I used five identical computer systemsone for each of the following operating systems: FreeBSD, Linux, NetBSD, OpenBSD, and Solaris. The boxes are IBM Netfinity servers with one 500-MHz PIII CPU, 1 GB of RAM, an Intel fast-Ethernet NIC, and three 8-GB disk SCSI drives. I realize that these aren't particularly powerful machines by today's standards, but they are good enough for these tests. Anyway, it is more important that they be identical than powerful.
The requirement to use identical hardware means that I can't generate comparable results for other hardware platforms, such as Sun, Digital/Compaq/HP, and others.
Except for the coss tests, all results are from Squid Version 2.5.STABLE2. The coss results are from a patched version of 2.5.STABLE3. Those patches have been committed to the source tree for inclusion into 2.5.STABLE4.

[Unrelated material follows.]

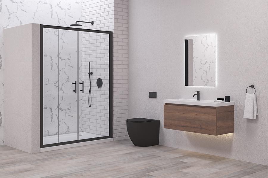 Sestavljena je iz Flora 100 Nero 80x190 + Flora 100 Nero 90x190 + profil wall-to-wall YS22 1574mm Nero.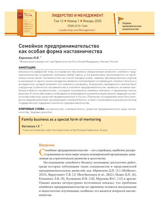 Корнеева, И.В. Семейное предпринимательство как особая форма наставничества // Лидерство и менеджмент. – 2025. – № 1. — С. 9-20. — Только в электронном виде. — <URL:http://elib.fa.ru/art2025/bv2552.pdf>.

Unless otherwise specified, I used only the enable-storeio option when running ./configure before compiling Squid. For example:
% ./configure --enable-storeio=diskd,ufs,null,coss
In all cases, Squid is configured to use 7500 MB of each 8.2-GB disk. This is a total cache size of 21.5 GB. Additionally, access.log and store.log have been disabled in the configuration file. Here is a sample squid.conf file:
visible_hostname linux-squid.bench.tst acl All src 0/0 http_access allow All cache_dir aufs /cache0 7500 16 256 cache_dir aufs /cache1 7500 16 256 cache_dir aufs /cache2 7500 16 256 cache_effective_user nobody cache_effective_group nobody cache_access_log /dev/null cache_store_log none logfile_rotate 0
All the tests in this appendix use the same Polygraph workload file. Meeting this requirement was, perhaps, the hardest part of running these tests. Normally, the desired throughput is a configuration parameter in a Polygraph workload. However, because the sustainable throughput is different for each configuration, my colleague Alex Rousskov and I developed a workload that can be used for all tests. We call this the "peak finder" workload because it finds the peak throughput for a device under test.

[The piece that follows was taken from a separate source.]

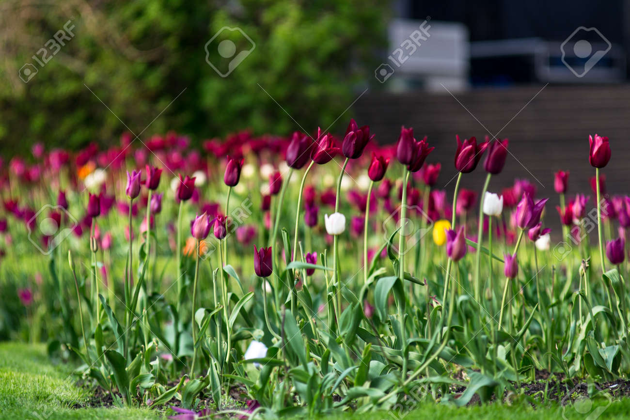 Oslo Norway May 16 2016 A Flowerbed Of Tulips Lies In

 Except for the number-of-spindles tests, in which the cache size depends on the number of disks in use.
 You can download this workload at http://squidbook.org/extras/pf2-pm4.pg.txt.
The name "peak finder" is somewhat misleading because, at least in Squid's case, sustainable throughput decreases over time. The workload is designed to periodically adjust the offered load (throughput) subject to response time requirements. If the measured response time is below a given threshold, Polygraph increases the load. If response time is above the threshold, it decreases the load. Thus, at any point in time during the test, we know the maximum throughput that still satisfies the response time requirements.
In order to reach a steady-state condition, the test runs until the cache has been filled twice. Polygraph knows the total cache size (21.5 GB) and keeps track of the amount of fill traffic pulled into the cache. These are responses that are cachable but not cache hits. The test duration, then, depends on the sustainable throughput. When the throughput is low, the test takes longer to complete. Some of these tests took more than 10 days to run.